The pandemic did little to cool down the red-hot warehousing market, but labor and material shortages (plus increasing regulation) could complicate future development.
John H. Boyd (jhb@theboydcompany.com) is founder and principal of The Boyd Co. Inc. Founded in 1975 in Princeton, New Jersey, and now based in Boca Raton, Florida, the firm provides independent site selection counsel to leading U.S. and overseas corporations.
Organizations served by Boyd over the years include The World Bank, The Council of Supply Chain Management Professionals (CSCMP), The Aerospace Industries Association (AIA), MIT’s Work of the Future Project, UPS, Canada's Privy Council, and most recently, the President’s National Economic Council providing insights on policies to reduce supply chain bottlenecks.

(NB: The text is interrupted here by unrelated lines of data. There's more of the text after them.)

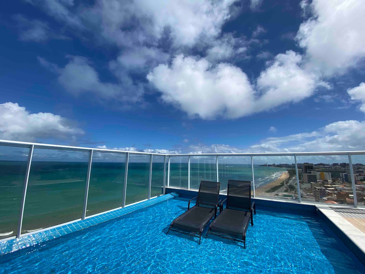 EDIFICIO SKY CONCEPT.Este lugar único tem um estilo próprio. Flat 1 quarto para até 6 hóspedes na melhor localização da Jatiúca. Prédio com sistema moderno ,lazer completo para melhor atender nossos hóspedes. Apartamento super equipado e completo com tudo que nossos visitantes precisam para uma estadia perfeita . Recém lançado , tome seu café da manhã olhando para o mar , e desfrutando de um flat decorado e equipado . Temos roupas de cama , toalhas , secador e ferro de passar roupas e máquina.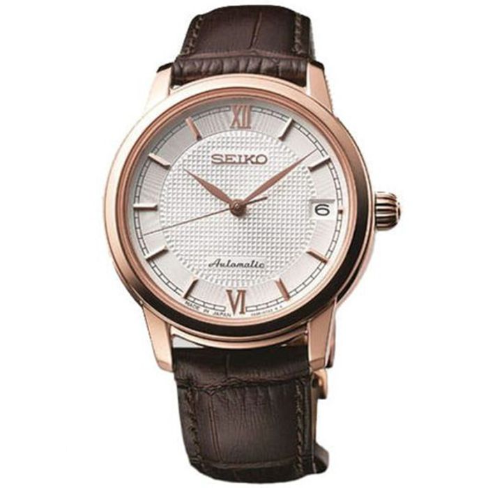 Seiko Presage SRP858J1 to elegancki zegarek damski z mechanizmem automatycznym. Wysoka jakość wykonania tego modelu jest wynikiem doświadczenia i tradycji w tworzeniu wyjątkowych czasomierzy zbieranych przez ponad 100 lat. Stalowa koperta została pokryta powłoką z różowego złota metodą galwaniczną (warstwy złocenia zostały dodatkowo utwardzone), która charakteryzuje się wysoką odpornością na ścieranie. Ozdobna koronka oraz ciekawie wyglądający cyferblat nadaje temu modelowi styl retro. Odporne na zarysowania szkło szafirowe chroni cyferblat. Ten typ szkła pozwoli zachować zawsze schludny wygląd czasomierza. Koperta tego modelu została zawieszona na brązowym pasku z naturalnej skóry cielęcej. Zegarek został wyposażony w mechanizm automatyczny (kaliber 4R35) z technologią trimatic, która zwiększa odporność na przeciążenia, podnosi efektywność działania mechanizmu oraz wydłuża jego żywotność. Rezerwa chodu wynosi 41 godzin. Mechanizm napędza się samoczynnie podczas ruchu ręką niezależnie od kierunku obrotu wahadła. Na tarczy znajduje się również datownik wskazujący dzień miesiąca. Wodoszczelność 100m pozwala na swobodny kontakt z wodą np. podczas pływania.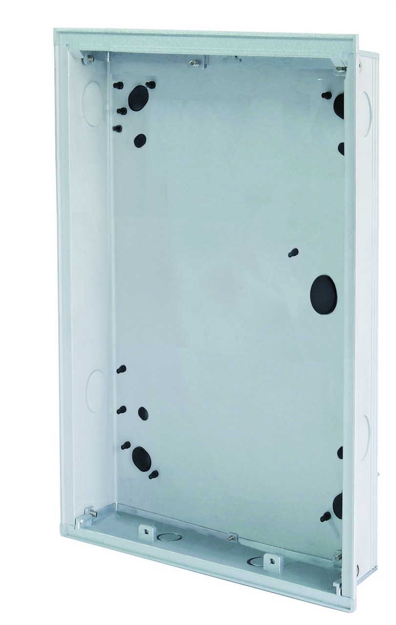 Caja de empotrar, tamaño 2/3 instalación empotrada para placas de calle de 6 módulos W2423. La flexibilidad, la sencillez y la elegancia se están convirtiendo en factores clave para poder comunicar interior y exterior de una manera placentera. Con la gama de sistemas de comunicación Welcome M todo es posible. Gracias al diseño modular y a la alta versatilidad del sistema de bus de dos hilos, la nueva gama Welcome M está diseñada en base a los conceptos de flexibilidad, sencillez y elegancia. Así, la instalación y utilización son mucho más fáciles y cómodas. Welcome M es lo que está buscando. Hace realidad los deseos de instaladores y usuarios finales.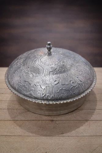 Silver Tone Covered Dish 3 Section Glass Bowl Floral Lid Vintage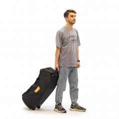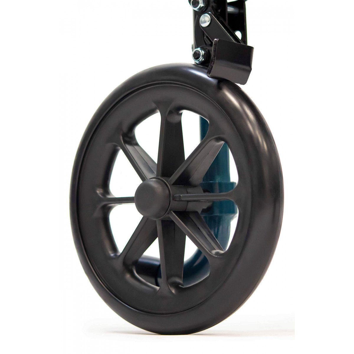 Складная рама по типу «сторона к стороне» и складывающаяся спинка позволяют быстро уменьшить габариты каталки для перевозки и хранения. Благодаря этому её удобно брать с собой в поездки, включая перелёты и поездки на общественном транспорте.

Throughout the pandemic and its aftermath, warehousing has proven to be a remarkably resilient sector, to say the least. During the first quarter of 2021 alone, net absorption1 of the warehousing industry reached 80 million square feet, up over 50% from the previous year. This pace should translate into another record year of warehouse leasing activity, topping 600 million square feet, which was reached in last year’s record run despite economic uncertainties due to COVID.
Real estate developer clients of ours that have been in the logistics industry for decades are all telling me that they’ve never seen demand for warehousing space like they are today. They are all building new warehouse space as fast as they can, but it's been a struggle to keep pace with what seems like insatiable demand.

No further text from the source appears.